Trump's 2020 NASA Budget Would Cancel Space Telescope, Earth Science Missions (Again)

Artist's impression of NASA's Wide Field Infrared Survey Telescope (WFIRST).
Artist's impression of NASA's Wide Field Infrared Survey Telescope (WFIRST).
(Image: © NASA/GSFC/Conceptual Image Lab)

The Trump administration's federal budget request for 2020 proposes the cancellation of three NASA science missions: the Wide-Field Infrared Survey Telescope (WFIRST) and two Earth science missions. 

This isn't the first time the Trump administration has tried to nix WFIRST, a $3.2 billion flagship-class astrophysics mission that has already had to grapple with budget cuts. In its fiscal year 2019 budget proposal, the Trump administration sought to end that mission along with five other Earth science missions — but the Senate voted to give WFIRST the funding it needed to stay on track for a launch in 2025. 

According to NASA's summary of the budget request, the Trump administration is proposing "to terminate the WFIRST mission and instead focus on completing the delayed James Webb Space Telescope," another flagship-class project that is over budget and behind schedule. 

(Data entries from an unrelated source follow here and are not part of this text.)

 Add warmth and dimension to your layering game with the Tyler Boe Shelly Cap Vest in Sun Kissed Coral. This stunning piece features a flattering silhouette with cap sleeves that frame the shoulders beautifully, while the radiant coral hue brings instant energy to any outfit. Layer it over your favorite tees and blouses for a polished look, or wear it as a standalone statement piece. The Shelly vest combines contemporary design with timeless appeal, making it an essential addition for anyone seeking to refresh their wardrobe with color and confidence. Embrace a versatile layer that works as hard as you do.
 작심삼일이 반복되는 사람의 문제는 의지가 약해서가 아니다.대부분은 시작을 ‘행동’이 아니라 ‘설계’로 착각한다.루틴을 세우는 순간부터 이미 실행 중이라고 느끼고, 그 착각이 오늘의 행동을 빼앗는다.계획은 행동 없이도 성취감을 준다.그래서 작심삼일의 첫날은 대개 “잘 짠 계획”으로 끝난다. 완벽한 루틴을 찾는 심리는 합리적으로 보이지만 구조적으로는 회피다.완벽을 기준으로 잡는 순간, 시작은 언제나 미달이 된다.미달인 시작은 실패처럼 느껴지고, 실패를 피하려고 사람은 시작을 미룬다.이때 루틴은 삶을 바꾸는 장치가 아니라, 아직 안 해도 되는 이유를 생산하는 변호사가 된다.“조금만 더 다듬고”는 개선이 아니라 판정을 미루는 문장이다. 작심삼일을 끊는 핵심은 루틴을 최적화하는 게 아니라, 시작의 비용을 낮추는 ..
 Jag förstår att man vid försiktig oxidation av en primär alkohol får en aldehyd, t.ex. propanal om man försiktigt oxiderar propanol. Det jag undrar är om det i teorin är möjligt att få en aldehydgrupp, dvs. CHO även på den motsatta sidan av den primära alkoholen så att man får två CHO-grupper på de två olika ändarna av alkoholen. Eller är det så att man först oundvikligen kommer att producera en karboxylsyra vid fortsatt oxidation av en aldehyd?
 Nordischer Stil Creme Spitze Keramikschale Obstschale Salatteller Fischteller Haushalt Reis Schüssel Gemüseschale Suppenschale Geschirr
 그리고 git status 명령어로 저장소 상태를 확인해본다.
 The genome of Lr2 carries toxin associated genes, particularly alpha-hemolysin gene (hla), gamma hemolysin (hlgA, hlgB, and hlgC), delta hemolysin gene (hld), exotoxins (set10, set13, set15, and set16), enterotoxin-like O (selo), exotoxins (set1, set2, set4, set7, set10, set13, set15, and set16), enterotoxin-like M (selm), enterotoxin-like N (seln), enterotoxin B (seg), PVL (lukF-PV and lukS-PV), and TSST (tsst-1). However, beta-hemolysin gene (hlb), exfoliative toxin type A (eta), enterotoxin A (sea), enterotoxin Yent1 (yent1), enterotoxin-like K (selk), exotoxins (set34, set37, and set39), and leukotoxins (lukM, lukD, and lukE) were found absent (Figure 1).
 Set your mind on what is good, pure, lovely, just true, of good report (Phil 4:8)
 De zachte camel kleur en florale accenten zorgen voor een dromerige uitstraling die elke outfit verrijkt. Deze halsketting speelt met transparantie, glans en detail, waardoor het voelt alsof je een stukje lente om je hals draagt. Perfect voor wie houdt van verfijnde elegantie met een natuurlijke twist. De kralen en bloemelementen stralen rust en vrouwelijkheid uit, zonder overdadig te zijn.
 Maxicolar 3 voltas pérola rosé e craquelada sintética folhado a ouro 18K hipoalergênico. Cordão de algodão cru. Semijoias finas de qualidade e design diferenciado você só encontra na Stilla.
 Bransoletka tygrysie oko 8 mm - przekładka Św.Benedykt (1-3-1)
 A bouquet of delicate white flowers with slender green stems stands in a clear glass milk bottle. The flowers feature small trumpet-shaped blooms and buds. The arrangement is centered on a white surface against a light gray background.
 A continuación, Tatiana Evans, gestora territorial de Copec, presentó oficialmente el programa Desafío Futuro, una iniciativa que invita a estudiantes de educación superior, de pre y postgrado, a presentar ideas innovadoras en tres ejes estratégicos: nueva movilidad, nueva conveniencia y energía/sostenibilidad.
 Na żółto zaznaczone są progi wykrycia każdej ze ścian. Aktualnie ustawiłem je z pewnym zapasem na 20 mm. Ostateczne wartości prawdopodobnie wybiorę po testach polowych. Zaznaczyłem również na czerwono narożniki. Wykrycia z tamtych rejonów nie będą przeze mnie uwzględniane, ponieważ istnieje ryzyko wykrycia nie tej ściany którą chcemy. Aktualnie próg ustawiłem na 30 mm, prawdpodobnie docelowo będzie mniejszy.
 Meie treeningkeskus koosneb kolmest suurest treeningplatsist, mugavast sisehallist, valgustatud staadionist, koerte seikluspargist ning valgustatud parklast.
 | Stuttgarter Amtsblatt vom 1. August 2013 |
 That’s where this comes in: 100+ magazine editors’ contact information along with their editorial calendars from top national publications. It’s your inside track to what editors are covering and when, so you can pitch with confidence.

Related: NASA Weighs Delaying WFIRST to Fund JWST Overrun 

Now the administration seeks to cut funding for the Plankton, Aerosol, Cloud, ocean Ecosystem (PACE) mission and the Climate Absolute Radiance and Refractivity Observatory (CLARREO) Pathfinder instrument that NASA planned to send to the International Space Station. 

PACE and CLARREO were two of the five Earth science missions that also escaped the chopping block last year. Congress voted to fund them after President Trump's 2019 budget request suggested NASA terminate them. Both were top-tier recommendations from the National Research Council's 2007 Earth Science decadal survey

On the other hand, the administration is now proposing to restore funding to two other Earth science missions that it tried to axe last year: The Deep Space Climate Observatory (DSCOVR), a satellite that monitors climate and space weather; and the Orbiting Carbon Observatory 3 (OCO-3), an instrument that would study the distribution of carbon dioxide on Earth while mounted outside of the International Space Station. 

With the agency's renewed focus on sending astronauts back to the moon and ultimately to Mars, the new budget request includes $10.7 billion for NASA's "exploration campaign," which includes funding for the Space Launch System megarocket, a lunar space station and technologies needed to build a human outpost on the lunar surface.